Гонорар - [18]

Шрифт
Интервал

Дальше была продолжающаяся вереница смешных чудес, и он вернулся домой, где должен был выходить с ней на почти ежеминутную мысленную связь, и каждый раз в доказательство контакта в комнате начинал светиться веселым розовым светом какой-то предмет. Он посылал ей мысль — и она принимала ее, и гитара на стене светилась розовым под приятный мелодичный звон; снова посылал мысль — и светилась чернильница, подаренная когда-то ради символа; обращался к ней опять — и будильник под тот же ксилофонный смеющийся звон начинал отсвечивать, и это была игра, потому что он никогда не знал, какой на следующий раз засветится предмет. Он видел и ее: она сидела в своей комнате с подругой, которая смеялась вовсю и дивилась на эти чудеса, и так они переговаривались под скрытое и радостное одобрение всего мира.

Он проснулся поздно. Ирка уже встала и гремела чайником на кухне, идти на работу было не к спеху. Баринов подошел к окну.

Стоял мягкий, серый снежный день, и в его матовом свете дети в ярких курточках — красных, оранжевых, зеленых — играли на снегу в детском саду. Баринов жил на третьем этаже, и он слышал их смех, возню, крики. Воспитательница разгребала дорожки, и он пожалел ее, но и порадовался за нее. Дети везли санки, бегали, в обнимку скатывались с горы на розовых вращающихся круглых штуках, которые он называл сковородками. Какой-то мальчик плакал, не взятый в игру, но тут же его утешали, взяв в другую, и он, мгновенно развеселившись, вовлекался в движение.

В это бесконечно долгое, остановившееся мгновение Баринов понял, что вся его жизнь будет такова — исполнена безвыходных, счастливых и невыносимых ситуаций, невыполнимых условий, невозможных выборов, — и он принял эту жизнь. Он понял, что никогда не сможет бросить девушку, гремящую посудой на кухне, и никуда не уедет из квартиры на третьем этаже, и вечно будет мучиться и метаться, но жизнь его будет время от времени за все вознаграждать. Вся полнота жизни была внятна ему. Он понимал и то, что ему на роду написана та, другая, что после всего приснившегося ее не может не быть, но и Ирка написана ему на роду, и бросить ее он не в силах, и Дунского он спасет, примирив все, все приняв на себя, сделав для этого что угодно — занявшись фатумологией, найдя единственный ключик, все повернув, как надо, — ведь мир сиял такой мягкой, такой милосердной гармонией, что в нем не могло не существовать спасительного для всех решения.

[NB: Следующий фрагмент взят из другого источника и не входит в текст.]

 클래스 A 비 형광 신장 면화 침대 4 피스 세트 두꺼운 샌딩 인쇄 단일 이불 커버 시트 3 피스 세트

Ирка пришла и позвала его завтракать.

5

— Ладно, — сказал старик, — все понятно.

Баринов молчал. Телефон старика ему достал Щербанов, всеми правдами-неправдами, через двадцать пятые руки, через коллег, любовниц и великую солидарность журналистов. Старик стоял у истоков фатумологии и, брезгуя прикладными делами, смыслил в теории.

— Вашим случаем я заниматься не буду, — быстро говорил старик, стоя спиной к Баринову и роясь в секретере. — Я слово себе дал не практиковать, потому что любое вмешательство в работу судьбы лично мне глубоко противно. Эти ребята играют с огнем, я их давно предупреждал, но ведь и насчет атомного ядра кто-то там предупреждал Резерфорда. В общем, практических советов я не даю, но литературу я вам дам, — просто потому, что никогда не начинаю первым, но раз они уже успели навредить, мой долг — посильно это исправить. У вас может получиться, может не получиться, но тогда это будет строго имманентно вашей судьбе, а пока идет игра втемную, фатумология заборного тона…

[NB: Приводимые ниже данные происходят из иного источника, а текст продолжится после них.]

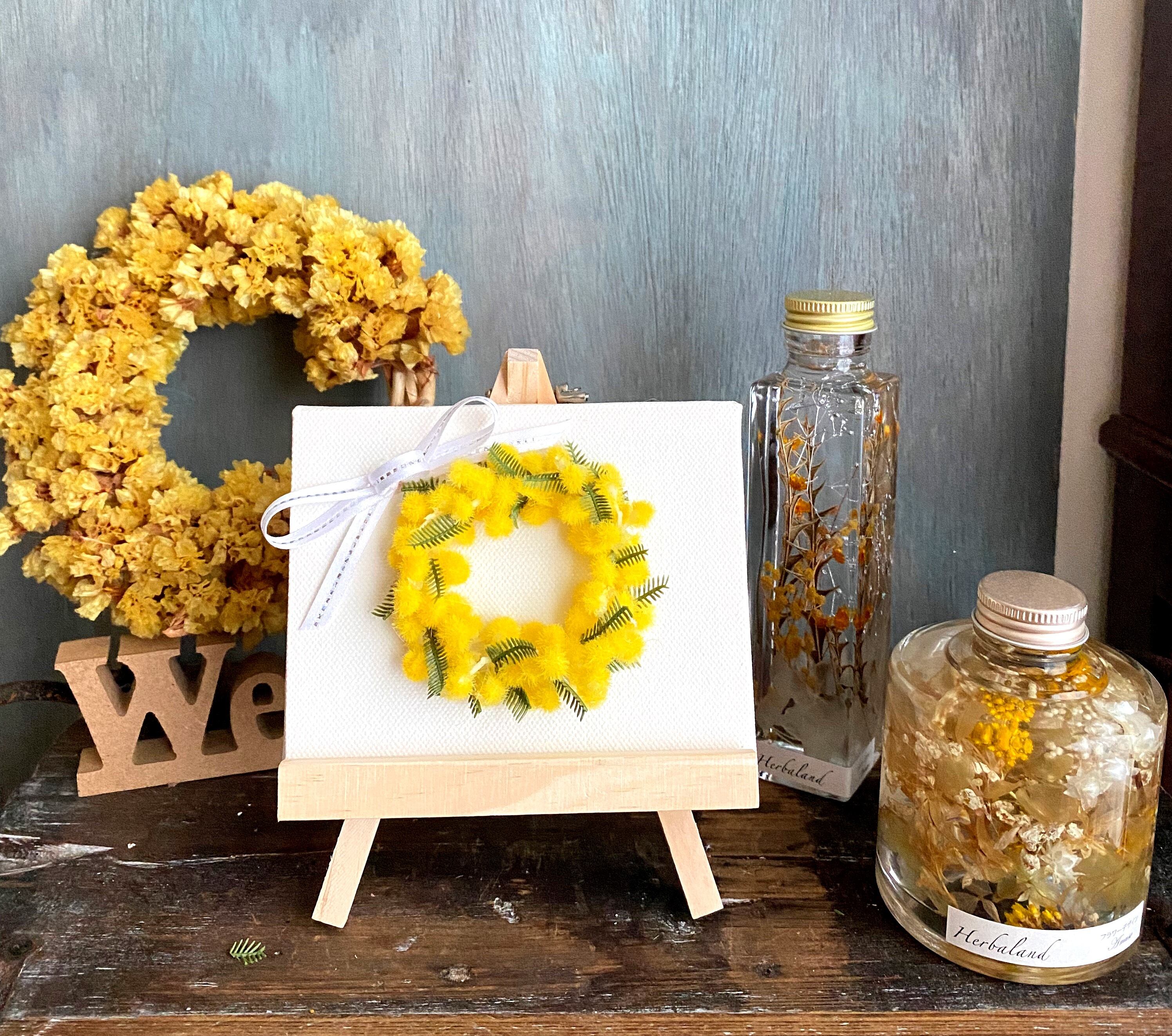 今回は、アーティフィシャルフラワーのミモザリースをキャンバスの上に作りました。
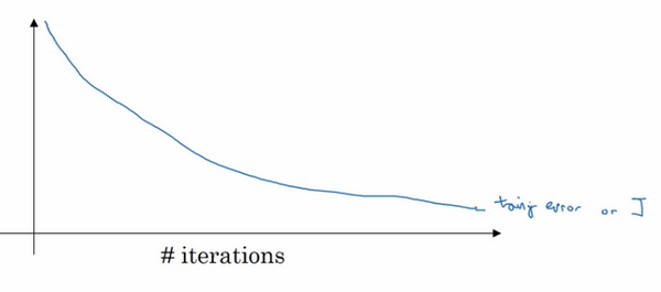 还有另外一种常用的方法叫作early stopping,运行梯度下降时,我们可以绘制训练误差,或只绘制代价函数的优化过程,在训练集上用0-1记录分类误差次数。呈单调下降趋势,如图。
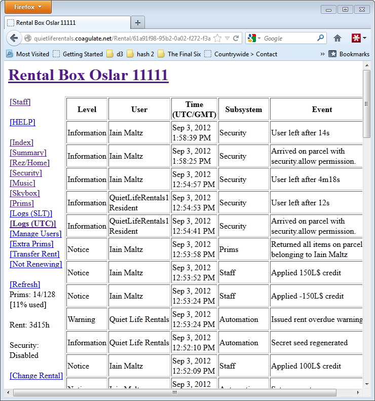 The logs page is an extensively comprehensive list of actions taken on your rental, changes made by staff, you, other users you have allowed to control your rental, security visitor detections, what happened to said visitor, and so forth are all listed on this page. The page comes in two formats, the “Logs (SLT)” version shows the time and date of events in Second Life Time (A.K.A. PST/PDT), and the “Logs (UTC)” version shows events in Universal Co-ordinated Time, (A.K.A. GMT, Zulu time, GMT+0, and so forth). Note that UTC format is not the same as UK time which may be an hour ahead of this during the summer (BST = GMT+1).

Старик был неопрятен, неприветлив, болтлив.

— Я не знаю и знать не хочу, с кем вы имели дело, — говорил он, расхаживая по комнатенке. — Видимо, школа Михайлова. Адрес вы, конечно, назвать откажетесь, да я и сам не захочу знать. Нагнали они на вас страху, нечего сказать, да и то — поди представь кого другого на вашем месте… В общем, берите. Принесете через неделю, вам должно хватить. Если вам покажется, что это все теория и к практике не имеет никакого отношения, — ничего не получится. Если сумеете сделать выводы — может быть, найдете варианты. Почему, кстати, вы не хотите еще раз пойти к нему?

— Он мне уже все сказал, — ответил Баринов. — Я думал, вы больше знаете.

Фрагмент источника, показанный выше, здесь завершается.